To date literatures has emerged with inconsistent conclusions on the prognostic role of MET among NSCLC. C-MET expression was thought to be a favorable biomarker in various studies (2325), yet others suggested the opposite (2628). In addition to some studies, neither c-MET nor p-MET expression was related with NSCLC survival (29, 30). Thus, due to the contradictory results from previous studies, we herein set out to conduct a systematic review as well as meta-analysis by summarizing current existing data to examine the survival implications of MET over-expression among lung cancer patients that underwent surgical resection.

Materials and Methods

Literature Search

Two reviewers (GM and YD), respectively, conducted electronic search on PubMed, Cochrane Library, EMBASE, and Web of Science for relevant studies up till July 15th, 2019, with the beginning date unlimited. The search terms were as followed: “MET” or “Mesenchymal Epithelial Transition factor” or “Hepatocyte growth factor receptor” and “Non-small cell lung cancer” or “NSCLC” or “Pulmonary carcinoma” or “lung cancer” and “Prognosis” or “Outcomes” or “Survival.”

Inclusion Criteria

Eligible studies was required to be in compliance with the following criteria: (1) NSCLC studies, all included participants should be NSCLC patients that underwent surgical resection; (2) MET expression was examined of each resected specimen, with the correlation between MET expression and NSCLC survival been reported; (3) Hazard Ratio (HR) was clearly displayed and feasible for HR synthesis, according to methods described by Parmar et al. (31), Williamson et al. (32), and Tierney et al. (33); (4) Study designs include: randomized controlled trial (RCT) and cohort study.

Exclusion Criteria

Articles were omitted from further consideration if: (1). Systematic review or review; (2) Preclinical studies, such as laboratorial or in vitro studies; (3) Case reports; (4). Studies of which survival data (including survival curves yet without HRs reported) unavailable for further calculations.

Data Extraction

Basic information of each eligible study was extracted as followed: name of first author, publication year, country, demographic characteristics (number of patients, gender, and median age), smoking status, pathology, and tumor stage, antibody applied for MET immunohistochemical (IHC) staining, cut-off value of MET over-expression and reported HRs (representing prognosis) for meta-analysis.

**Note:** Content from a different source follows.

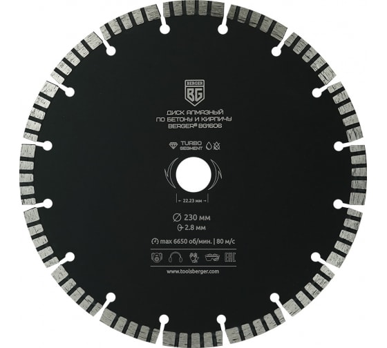 Диск алмазный отрезной по бетону и кирпичу турбо-сегментированный 230x2.8x22.23 мм Berger BG1606 предназначен для использования с УШМ.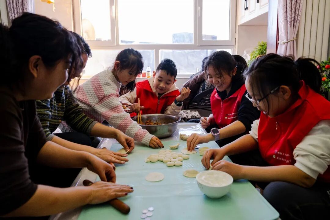 入户走访时,青少年们一起包特色饺子、做面人儿、炸年糕,交流两地年俗趣事,在欢声笑语中共度别样的小年夜。他们认真交流两地学习生活情况,分享学习收获和生活体验,在朋辈交流中共同进步。

The primary data eligible for calculation and results-pooling was hazard ratios (HRs) reported from either multivariate or univariate Cox hazard regression analysis for overall survival (OS). Literatures of eligibility was filtered by two authors (GM and YD) individually, with any discordance being revised and re-assessed.

Quality Evaluation

The Newcastle–Ottawa Scale (NOS) criterion was adopted for quality assessment of included studies (34). The criteria covered three aspects of each study: (1) selection of subject: 0–4; (2) subject comparability: 0–2; and (3) survival: 0–3. The scope regarding the final score ranged between 0 and 9, literature with six or more were reckoned feasible for data incorporation and any scored no <7 were considered of good quality. Two reviewers independently carried out quality evaluation of each study.

Statistical Analysis

Data calculation and meta-analyses were performed via STATA (version 12.0, STATA Corporation, Texas, USA). LogHRs reported in the literature were prior used for HR pooling, otherwise HRs with 95% confidential intervals (CIs) were considered for data syntheses. Multivariate analyses data were prior adopted if multivariate and univariate survival analyses were both conducted. Adjusted HRs was used when unadjusted/adjusted HRs both existed. Chi-square based Q-test and I2 statistic test were performed to value heterogeneity regarding the pooled HRs (35). The Mantel-Haenszel method or fixed-effect models (36) were adopted when study heterogeneity wasn't statistically considered significant (I2 < 50% or P > 0.10) whereas random-effect models were applied for calculation in order to minimize potential influence of heterogeneity on pooled results. Apart from random-effect model, sensitivity analysis by leave one out procedures was also processed uncovering the potential source regarding heterogeneity of pooled results (37). Publication bias were conducted in accordance with Begg's methods (38). Publication bias was reckoned significant when P-value was <0.05.

Results

Study Selection

Our initial literature search retrieved 1,151 studies (after duplicates removal) in total. Abstracts of each identified publication was discreetly read and screened. Studies were removed due to the reasons as followed: Reviews or systematic review (n = 124), case reports (n = 158), irrelevant topic or fundamental observations (n = 807). Totally 62 potential studies of eligibly were obtained and scrutinized. Then 45 of which were omitted owing to the following reasons: 34 studies focused on irrelevant topics such as MET gene expression and alterations, 11 remaining studies whose data were either survival curve or illegible of HR estimation. Two studies conducted by Sun et.al included overlapped patients (28, 39). To limit potential risk of bias, we omitted the publication with lesser participants. Hence, altogether 17 studies eventually met our criteria of inclusion and were capable of data extraction as well as meta-analyses.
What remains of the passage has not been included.